WEll Crap. Now what?
Will the crap ever end?
Backstory: the Harpee filed false abuse charges against SO, the court battle went in his favor, they now have 49/51% time split. She then moved to the middle of nowhere, refuses to get a job, and is constantly trying to change the skids school to the middle of nowhere where she lives, and where 2 of her "new family" members are teachers. Give the location and scheduling and the fact that her new inlaws run the school this will effectivly cut SO out of their lives.
SHE didn't want the kids in daycare on SO's time, so they stipulated that she would pick the kids up, take them to and from school and basically be the daycare while SO works. Since she is not a responsible adult, it was also stipulated that if she was late 2x, SO could find daycare as she would make him late for work. It took less than 6 months for her to blow that and be late 2x. There are 4 Sboys ages 2-8. SO and I live an hour apart form each other.
She remarried to a HS flame and now lives about 30 minutes from SO and the kids school.
SO now the Harpee has filed for a custody mod and more cs because she is the "daycare" and "can't find work" because she has the kids on his time. (we know this is BS because she has always worked under the table for a friend) She is also trying again to change their school (which is stupid- this issue has been ruled on already and she was told no...... twice.)
SO has now found his own child care and took them to meet the provider. The skids are excited and looking forward to going. (The harpee isolates them and only ever has them around her family- no friends, nothing that she can't control) The harpee can't go 24 hours without the kids- she has to call at least twice and tried her damdest to upset them. Even if she is going to see them in a matter of hours she still calls and freaks out if she can't talk to them RIGHT NOW.

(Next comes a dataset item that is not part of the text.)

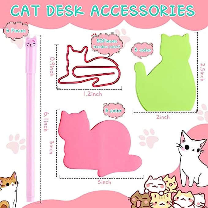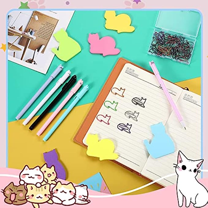 42 Pcs Stationery Set 6 Color Cute Sticky Notes 30 Pcs Paper Clips and 6 Pcs Cute Pen Lover Gifts Lovely Office Desk Accessories for Work School Office Supplies(Cute Cat)

SO was advised by his lawyer to get the kids into daycare on his time- if she wants to bitch about something that was HER idea and having to drive when SHE MOVED and having the kids on his time is SUCH A PROBLEM then he is happy to fix that for her.
SKids of course told BM about how excited they were... so she is now threatening to call the police if he won't give her the skids on HIS TIME!
I love SO, he is a great man and treats me well. However, I am having trouble getting past our past choices. I can't move due to my custody situation, he can't move for the same reason, and I get that. I'm not willing to give up my time with my kiddos and I don't expect him to give his up either. However, my ex is an inactive crazy (there is a flare up with him maybe every 2-3 months) while the harpee is crazy and harrasive all.the.time.
So where do we go from here? There will never be a retirement, etc. from his end because he has 5 kids and the youngest is 2. I can't move, neither can he, so we both struggle because we can't combine resources. The skids are mostly good kids, but there are some major behavior problems due to BM and her crap, and he has to reprogram them every time they come over. My kids don't have the same severity of issues that the skids have, (they are not issue free, but their stuff is way less severe) and I really don't want mine picking up crap from them.
I find myself wondering more often than not if I should pull the plug on the whole deal and find someone else. Then I feel like when he treats me well and our relationship stuff is good, it is just logistics that suck that I am punishing him (and possibly myself) is unfair.
This whole things blows.
Pull the plug and don't find
Pull the plug and don't find someone else. Concentrate on your kids instead of dealing with others messes. Your kids need the one parent they have and not to have her distracted with all the crap that goes on in step-homes.
Once they're out of high school you can give up the mantle you took up when you brought them into the world. You owe them that much. Don't let the fact you could do better financially by combining households, the small financial reward is nothing compared to giving your kids all of your time and effort.
sorry, I don't find it that
sorry, I don't find it that crazy that BM wants to contact her kids- the youngest is only two years!When did you come into the picture and when did they get separated??Also understandable that she wants to do the school drive and pick up.Being late twice in 6 month living 1 hour apart doesn't sound to me as such a drama or irresposible behaviour either if she was in time all other days.